Consider a cubic polynomial $x^3 - x - 1 = 0$ I want the sum of the fifth powers of the roots $\sum a^5$. I know that
\begin{eqnarray*} a + b + c &=& 0 \\ ab + bc + ca &=& 1 \\ -abc &=& 1 \end{eqnarray*}
but I have no way of combining this information into the answer.
On
About finding general $a^n + b^n + c^n,$ there is an elementary aspect to this, although not necessarily what you want. You already know that $a+b+c = 0,$ and the other answer gives enough to find $a^2 + b^2 + c^2$ and $a^3 + b^3 + c^3.$ Call those $x_1, x_2, x_3,$ then solve in perpetuity with $$ x_{n+3} = x_{n+1} + x_n $$
Two errors in the question, $$ bc + ca + ab = -1, $$ $$ abc = 1. $$
So far, I get $$ x_1 = 0,$$ $$ x_2 = 2,$$ $$ x_3 = 3,$$ $$ x_4 = 2,$$ $$ x_5 = 5,$$ $$ x_6 = 5,$$ $$ x_7 = 7,$$ $$ x_8 = 10,$$ $$ x_9 = 12,$$ $$ x_{10} = 17,$$
Since the real root of $x^3 - x - 1$ is slightly larger than $1,$ the numbers increase, are positive and so on.
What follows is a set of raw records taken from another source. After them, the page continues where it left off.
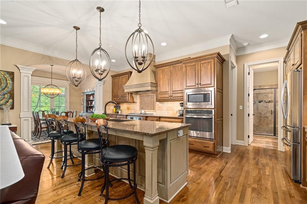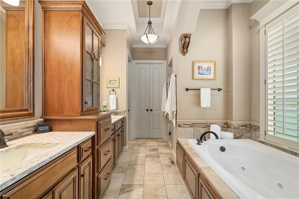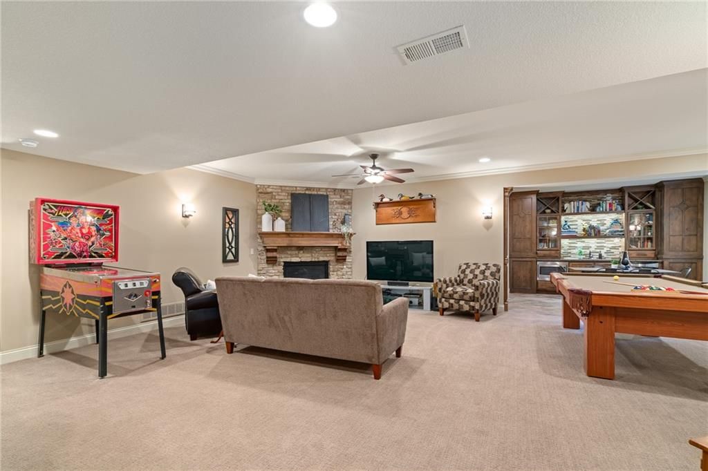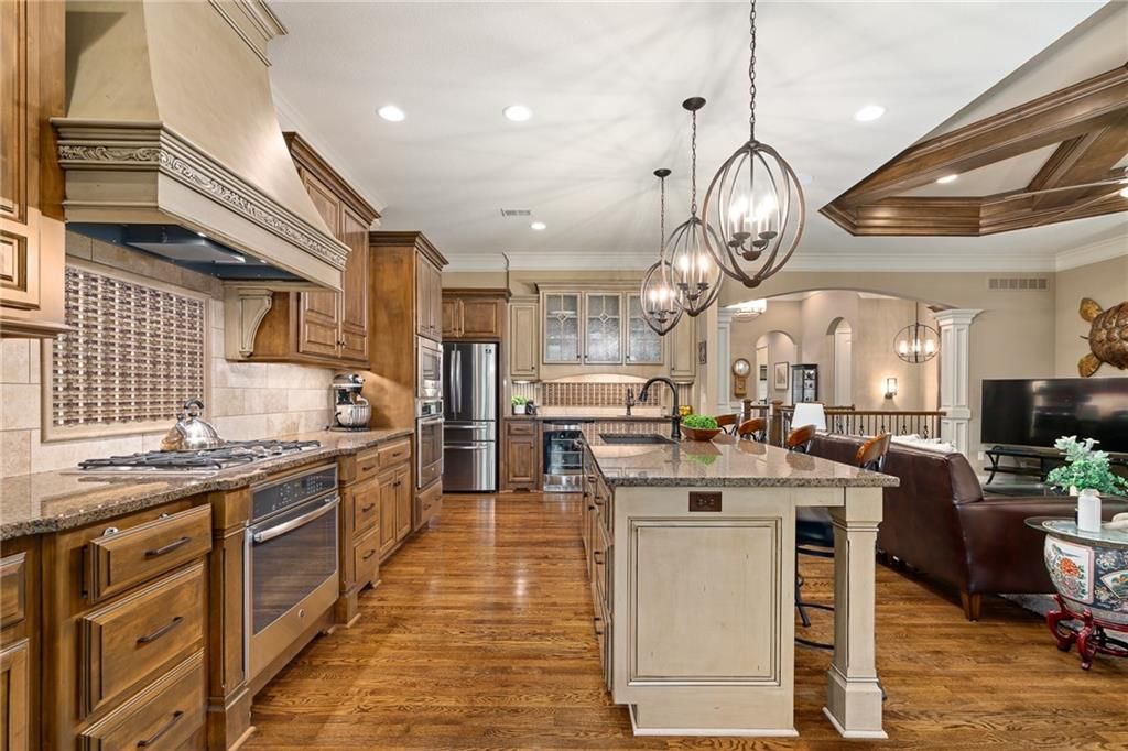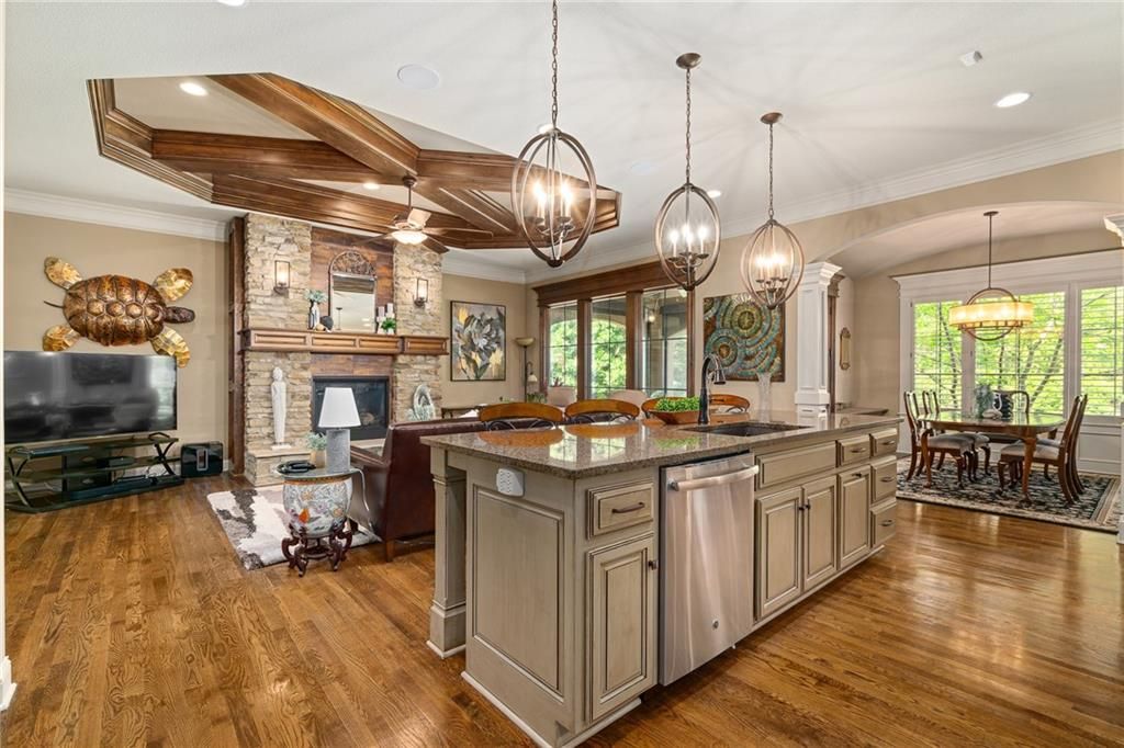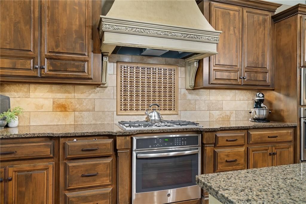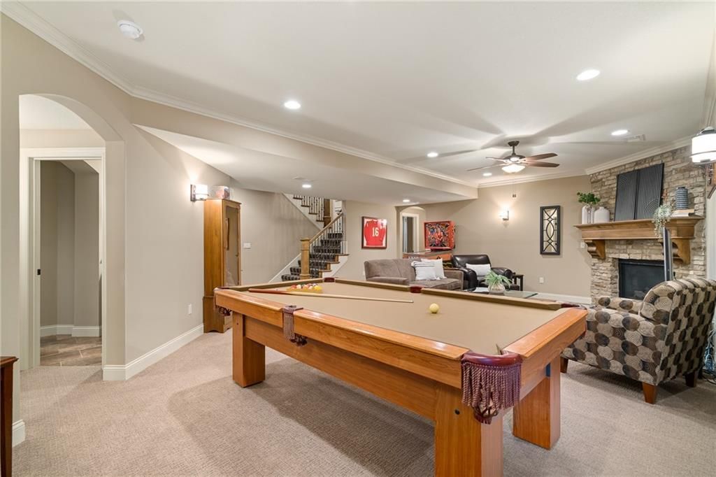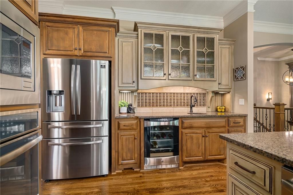 Luxury Reverse 1.5-Story Home in Prestigious Tuscan Piazza - Leawood! You have to see this home to truly appreciate the craftsmanship. Welcome to effortless elegance in one of Leawood's most exclusive maintenance-FREE communities. This meticulously maintained 4-bed, 4-bath reverse 1.5-story home offers refined living and artistry construction by Tom French with attention to detail throughout. Enjoy main-level living with a spacious primary suite featuring a spa-like bath, custom built-ins, whirlpool tub, oversized walk-in closet, and direct laundry access. An additional main-floor bedroom and full bath accommodate guests or a home office with ease. The open-concept design is ideal for both daily living and entertaining - highlighted by TALL wooden entry doors, rich hardwood floors, vaulted tray ceilings with beam detail, custom millwork, and a chef's kitchen with quartz island, gas cooktop, and wet bar area. A sun-drenched dining room opens to a paver patio with plenty of space to grill and entertain along with retractable screens on the covered patio allowing you to have a screened in porch or open-air patio -- all at the touch of a button - perfect for private outdoor living. The lower level offers a sophisticated retreat with a second fireplace, full wet bar, rec space, two bedrooms, TWO full bathrooms, and unfinished area that is set up with a workbench and plenty of storage. A rare 3-car garage includes epoxy floors, extra insulation, and a climate-controlled single bay - perfect for a workshop, studio, craft area, or collector vehicle. Maintenance-FREE living with mature landscaping, privacy, and unmatched convenience. Just lock and leave with confidence - luxury, lifestyle, and location come together seamlessly. THIS IS THE ONE!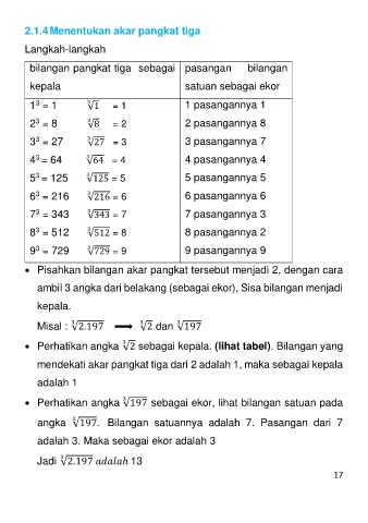 mendekati akar pangkat tiga dari 2 adalah 1, maka sebagai kepala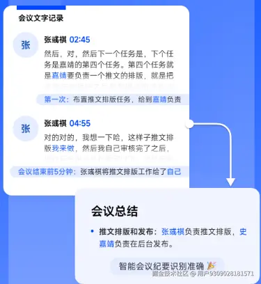 飞书智能会议纪要能够快速生成智能纪要,有多快呢,这边结束会议走出会议室,还没到工位就推送过来了。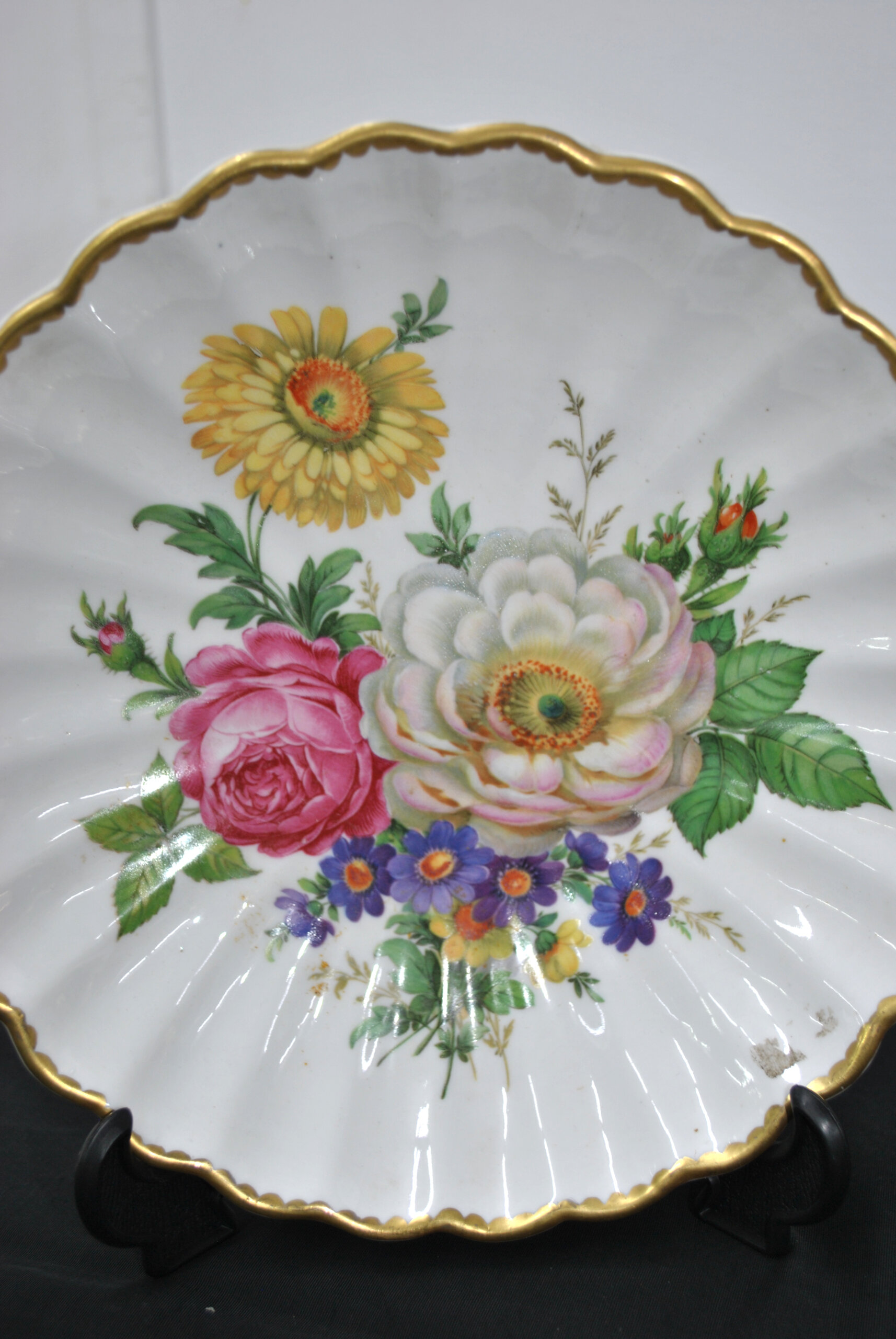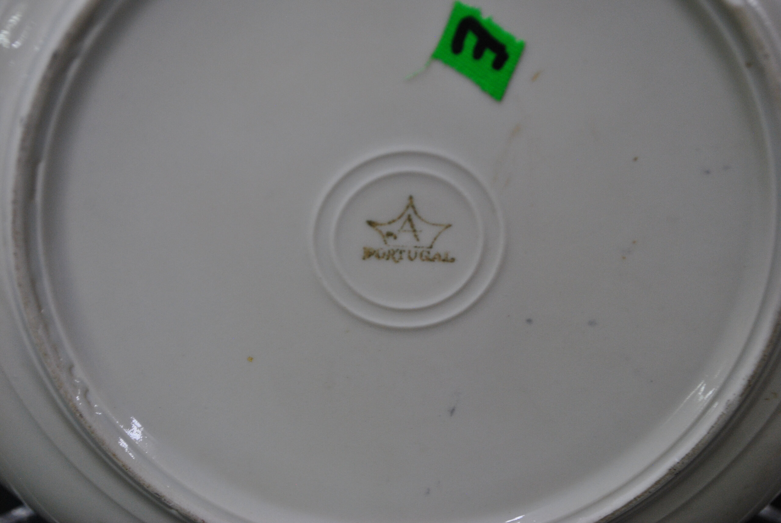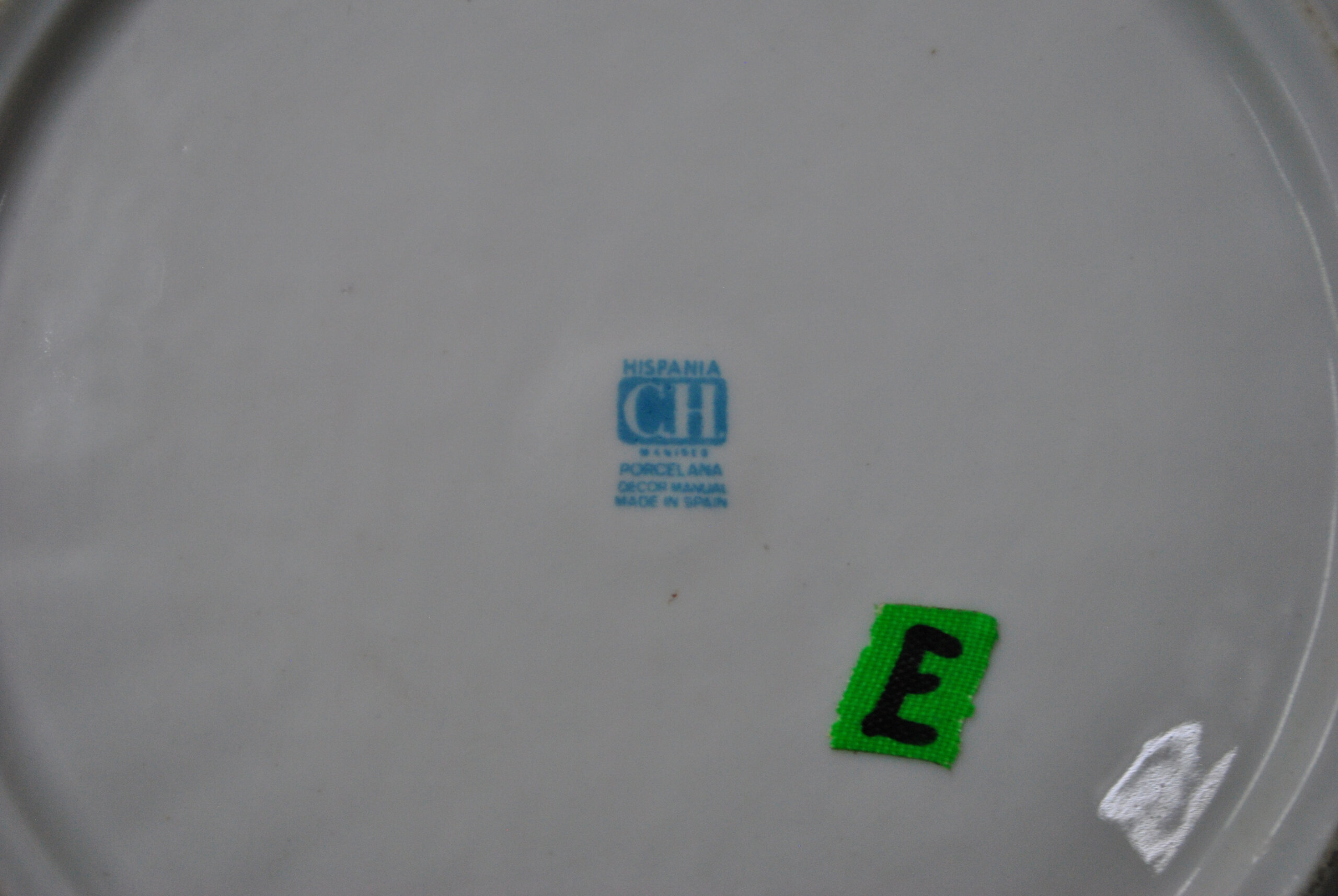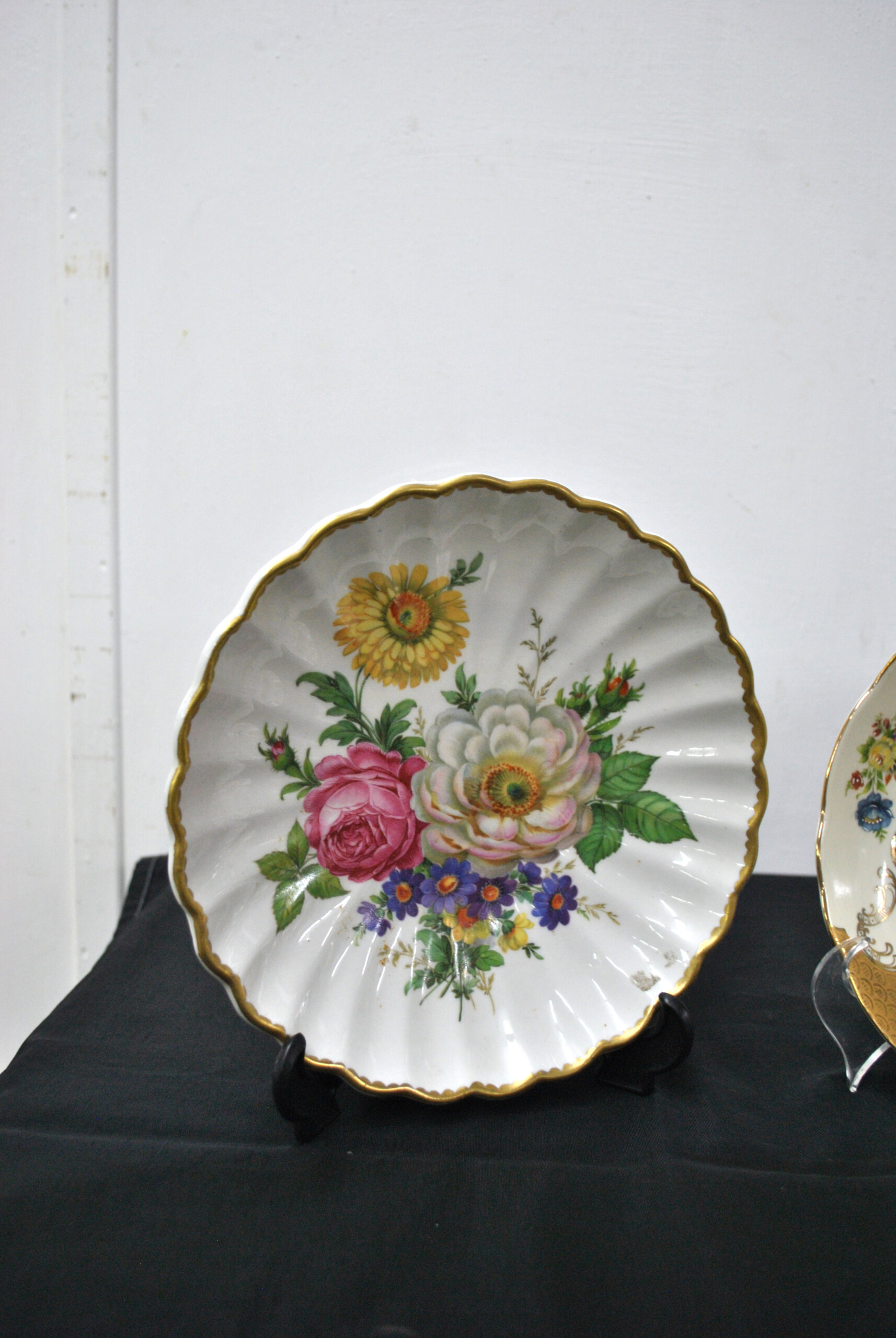 REF: 11953 – Conjunto de dos platos decorativos de porcelana fina, procedentes de España y Portugal, ambos con elegantes motivos florales y acabados dorados. El primer plato, de la firma Hispania CH (Made in Spain), presenta una delicada decoración con flores multicolor sobre fondo blanco marfil, borde ondulado y filo dorado. El segundo, de fabricación portuguesa, luce un diseño floral central con detalles dorados en relieve y un fino borde decorado con arabescos.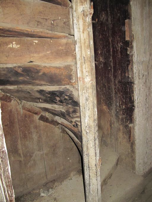 Etage de comble, revers des marches de l'escalier à vis desservant le grenierImmatriculation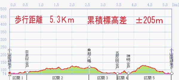 小山田緑地P→奈良杯谷戸→乗越八幡→五反田谷戸→神明谷戸→小山田緑地P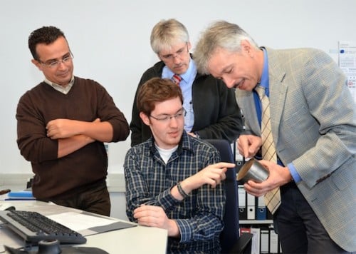 Sind mit dem Resultat der Bachelorarbeit sehr zufriedern: (v.l.n.r) Dr. Aomar Khibit, Dr. Bernd Maurer. Lutz Philipp Lange und Prof. Dr. Matthias Gruber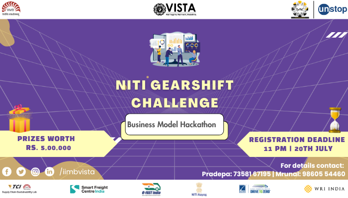 NITI Aayog, Smart Freight Centre India, Drive to Zero, and WRI India, in collaboration with the Operations Management Club of IIM Bangalore and OpRaizen, Vista's annual flagship event, invite students, academicians, researchers, businesses, entrepreneurs, and MSMEs to join this mega-innovative business model hackathon.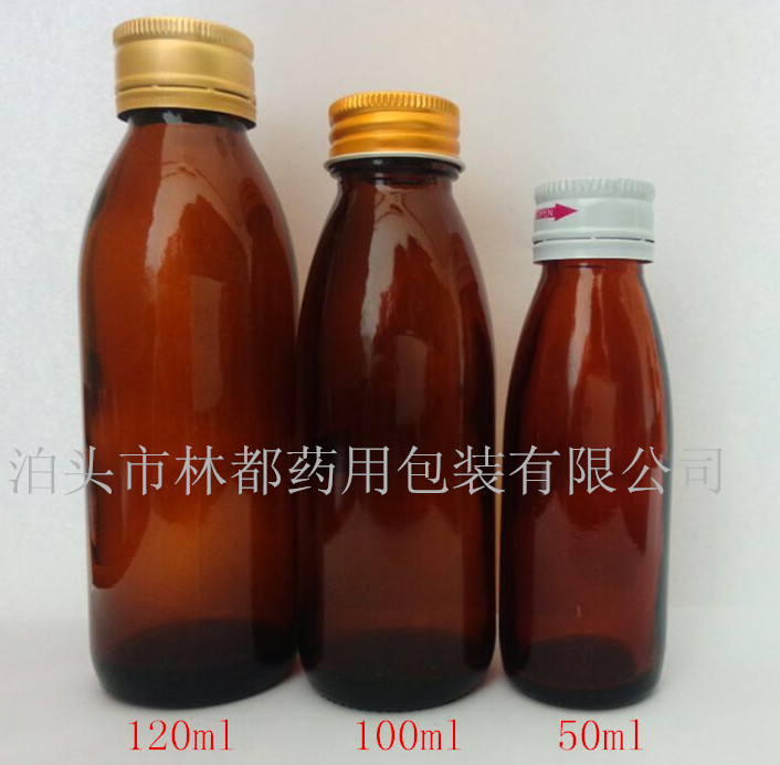 如圖中所示,這幾款玻璃瓶瓶型相同,屬一系列,容量從左到右分別為:120ml 100ml 50ml, 這幾款棕色口服液瓶瓶型美觀,深受客戶的青睞,主要用于盛裝各類功能飲品、 口服液等。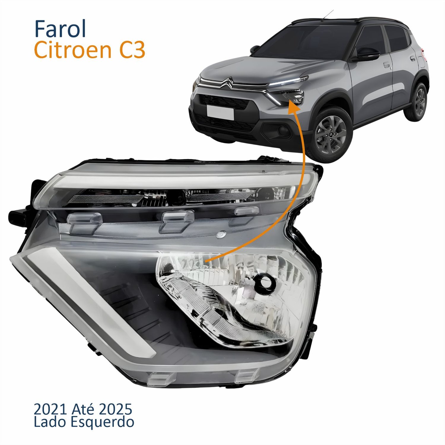 Farol Principal Citroen C3 2021 2022 2023 2024 2025 Sem Led Drl Lado Esquerdo Motorista

The two complex roots are smaller than $1$ in modulus, so, for large $n,$ we get $x_n \approx R^n$ where $R \approx 1.3247$ is the real root. For example, $R^{10} \approx 16.643$
compared with pari:
parisize = 4000000, primelimit = 500509
? p = polroots( x^3 - x - 1 )
%1 = [1.324717957244746025960908855 + 0.E-28*I, -0.6623589786223730129804544272 - 0.5622795120623012438991821449*I, -0.6623589786223730129804544272 + 0.5622795120623012438991821449*I]~
? p[1]
%2 = 1.324717957244746025960908855 + 0.E-28*I
? p[2]
%3 = -0.6623589786223730129804544272 - 0.5622795120623012438991821449*I
? a = p[2]
%4 = -0.6623589786223730129804544272 - 0.5622795120623012438991821449*I
? b = p[3]
%5 = -0.6623589786223730129804544272 + 0.5622795120623012438991821449*I
? c = p[1]
%6 = 1.324717957244746025960908855 + 0.E-28*I
? a + b + c
%7 = 0.E-28 + 0.E-28*I
? a^2 + b^2 + c^2
%8 = 2.000000000000000000000000000 + 0.E-28*I
? a^3 + b^3 + c^3
%9 = 3.000000000000000000000000000 + 0.E-28*I
? a^4 + b^4 + c^4
%10 = 2.000000000000000000000000000 + 0.E-28*I
? a^5 + b^5 + c^5
%11 = 5.000000000000000000000000000 + 0.E-27*I
?
? a * b * c
%12 = 0.9999999999999999999999999999 + 0.E-28*I
? b * c + c * a + a * b
%13 = -1.000000000000000000000000000 + 0.E-28*I
?
$a^3=a+1$ implies that $a^5=a^3+a^2=a+1+a^2$.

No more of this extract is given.